Albee: I am interested in how we experience information, what actually gets filtered through and presented, what images we are shown, and not shown. The handheld newspaper is a historically important format that I first used for a project called Newspaper & Flowers. In 2006, I started to digitally replace journalistic photographs from newspaper clippings with photographs of flowers taken by my grandfather, Ellis Albert Resch (1903–1974), who had worked at the New York Times as a low-level assistant in his late teens. In the years before his death he took hundreds of photographs of flowers, which I obtained a decade later. At the same time, I was collecting articles that angered me—most were about the Bush Administration and U.S.-involved conflicts. Eventually, I merged the two together.
Klein: Your series Joan Lowell: The Only Woman also considers the historical impact of news by referencing the scandal of Joan Lowell’s fraudulent memoir, The Cradle of the Deep.
Albee: The project began after I read a paper that my father, a historian, wrote about Joan Lowell’s 1929 literary scandal.

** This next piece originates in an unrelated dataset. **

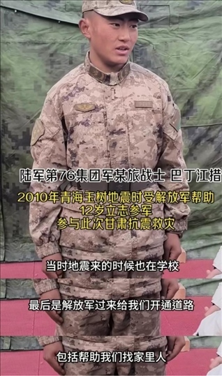 巴丁江措,第76集團(tuán)軍某旅戰(zhàn)士。2010年青海玉樹地震時,解放軍幫他脫險。如今,同樣成為解放軍的他奮戰(zhàn)在甘肅抗震救災(zāi)一線。他說:“我想對以前救我的人說,我?guī)椭烁嗳?,讓他們?yōu)槲因湴?!?/p>
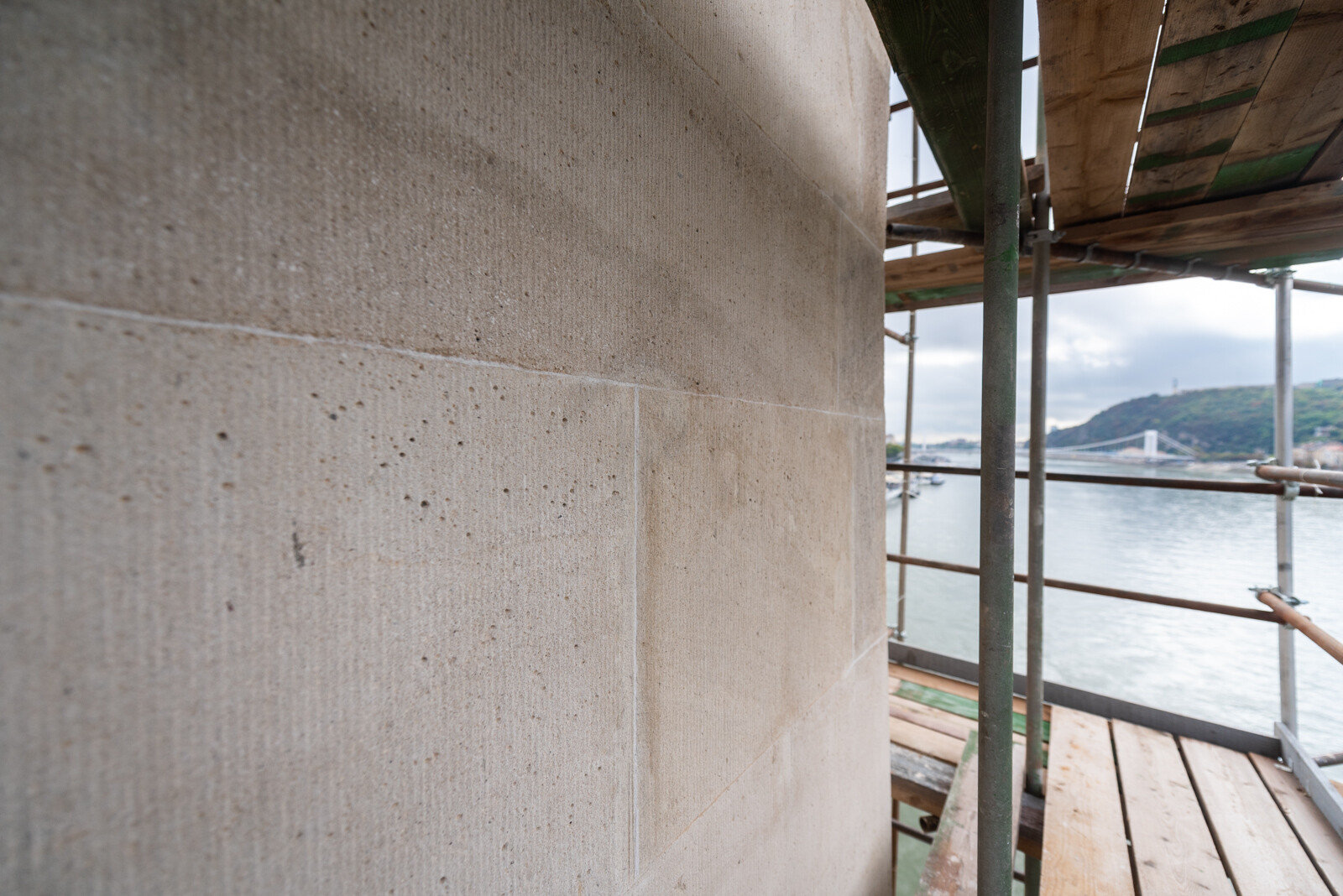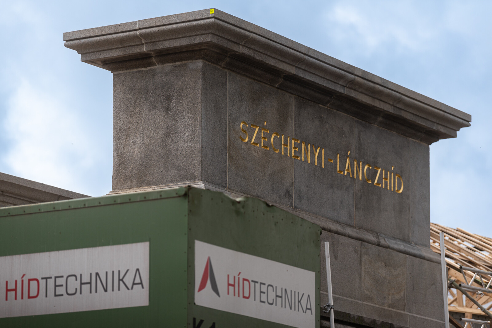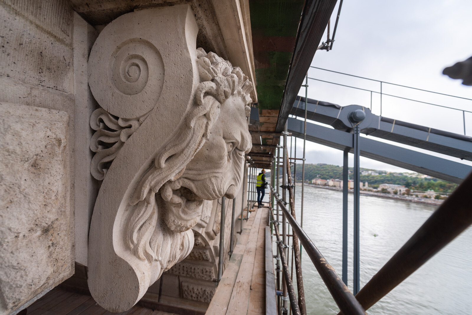 Az A-híd szakemberei az utolsó simításokat végzik a pesti pilon kőfelületein, ahol tavasszal kezdődtek a munkák. Megszépültek a pesti kapuzaton lévő oroszlánfejek és a fölöttük lévő címerek, amelyek megújításán szintén a helyszínen, a kapuzatokat körülölelő állványról dolgoztak a restaurátorok.

Lowell was a twenty-six-year-old actress who wrote a bestselling autobiography about growing up on a ship with her sea captain father and an all-male crew. In her book, Lowell positions herself as a child heroine, defying her gender expectations. In a review, Lincoln Colcord, proved that Lowell did not grow up at sea. This review initiated a very public demise. Ultimately, I created photographs, sculptures, and a video performance using Lowell’s constructed biography, the scandal, and related objects as material. Lowell was a complicated character and I was interested in her construction of her own biography and her adamant life-long defense of her narrative. And also how she was scrutinized and brought down and who was able to capitalize on her failure. Who’s benefitting from this?
Klein: Do you think that, in general, women are told that they’re fake or that their credentials are questioned more often than men’s?
Albee: You could look at the U.S. presidential election as the most glaring and blatant occurrence of this double standard—which in this case is so publicly violent and where an unqualified misogynistic, racist, classist, narcissist is even being considered for the most powerful elected office in this country. So yes, absolutely.
Annika Klein is the Editorial Assistant at Aperture magazine.